Published In The Great North Arrow, May 2022: Myra's Pleasant Pandemic

- jim Young

“Change is inevitable. and the disruption it causes often brings both inconvenience and opportunity.” - Bob Scoble


Our retired life has become pretty routine, especially this past winter. I get up between 6:00 am and 7:00 am, put Myra out for her morning run - or not. Sometimes she's just not ready to go out, particularly during sub zero temperatures and I can't fault her for that.

Next I stoke the fire to get it going and add some wood followed by making a pot of coffee. Some mornings I will put some bacon on low, not so much for breakfast as we aren’t regular breakfast people, but just so the aroma of the coffee and bacon will be a pleasant awakening for My Shirley. If Myra has been out, I will let her in. She will run to either My Shirley’s or my chair in the sunroom to curl up in front of the fire. And if she hadn’t already been out, she’s probably ready to be let out now.

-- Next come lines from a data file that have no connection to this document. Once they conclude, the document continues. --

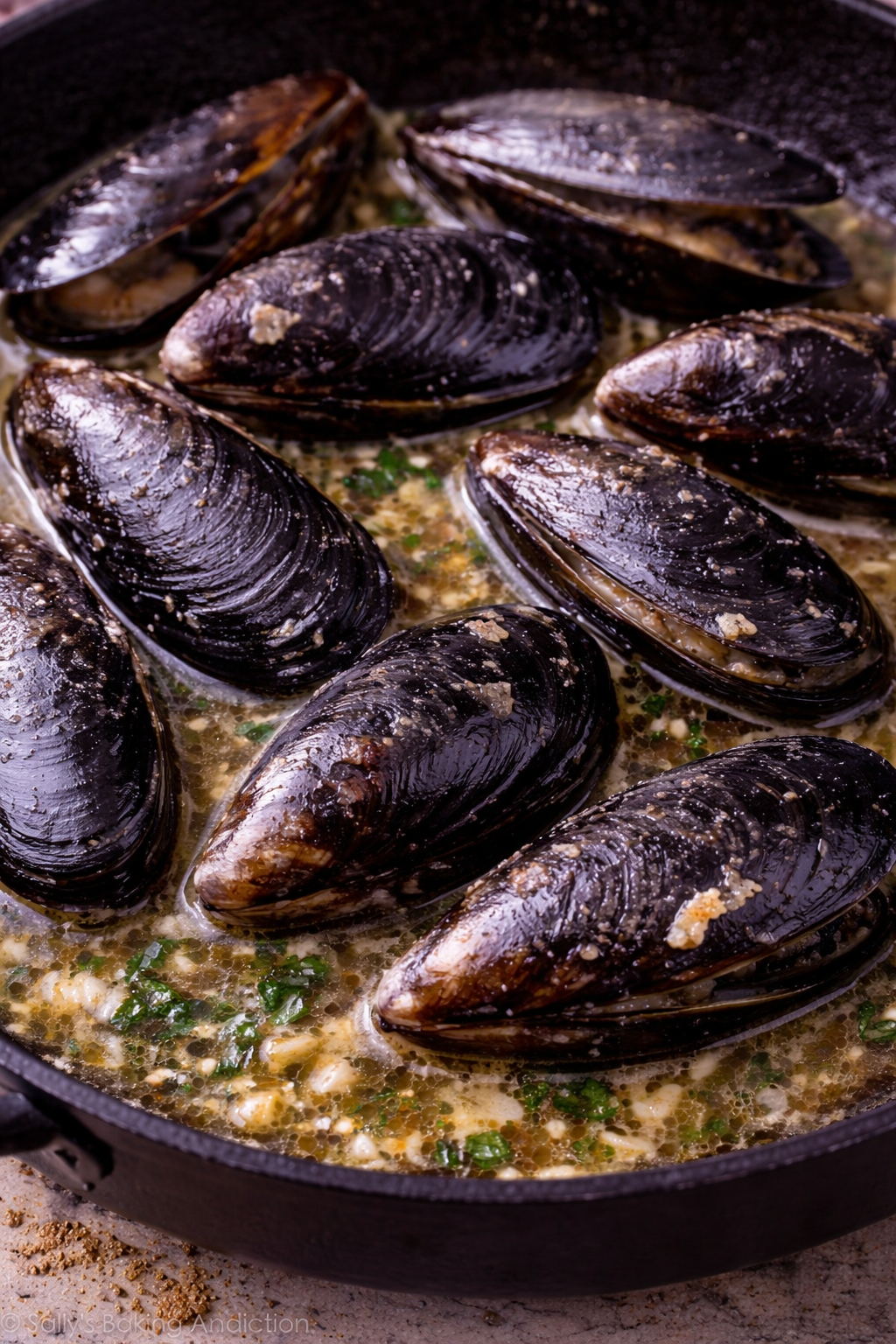 Mussels open when the adductor muscle relaxes with heat. A bit more steam and movement helps even out the heat, but closed shells after cooking usually indicate a dead mussel and should be discarded for safety.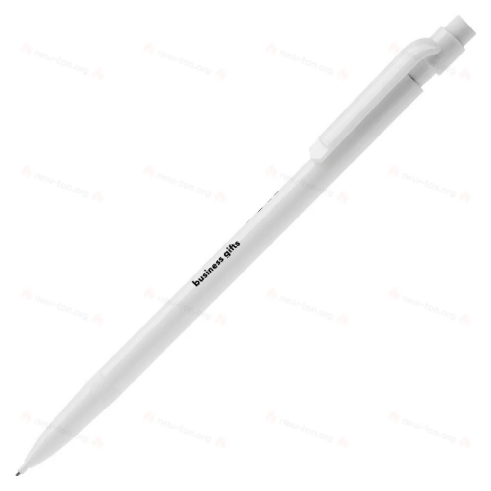 Карандаш с механическим толканием, с нажимным механизмом и ластиком. Доступен в нескольких цветах. Легко пополнять.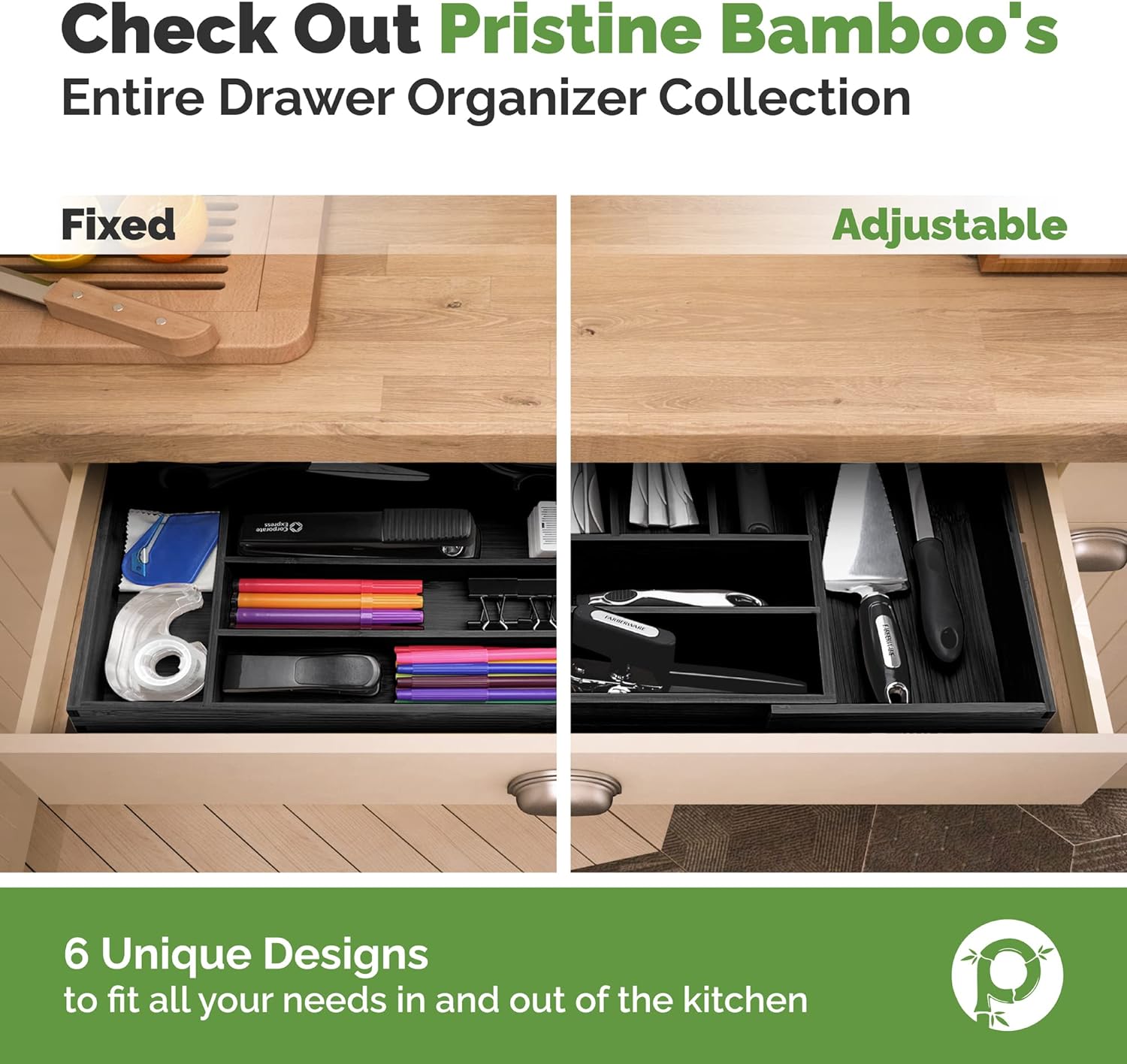 - STORAGE SPACE PROBLEMS SOLVED: Why not use the space in your kitchen drawers to store all those utensils? With Pristine Bamboo sleek, stylish kitchen utensil organizer for drawers, you'll be able to put away larger tools like spatulas and whisks while still having plenty left over for smaller gadgets.

I sit down to my computer to write, pay bills, see what’s happening on FaceBook and/or answer emails, often to my cousin Steve in B.C. who has written to teasingly remind me how mild the winters are on Vancouver Island as he noted our temps dropped to -40° last night.


Myra knows where I am and sometimes comes to visit me either just to say “hello” and get petted or to let me know she wants out again.


When My Shirley arises she starts the music on our stereo which will play on the speakers positioned throughout the house. Myra patiently follows her from room to room while My Shirley turns on each speaker, until they reach the kitchen where Myra knows a treat will be bestowed upon her.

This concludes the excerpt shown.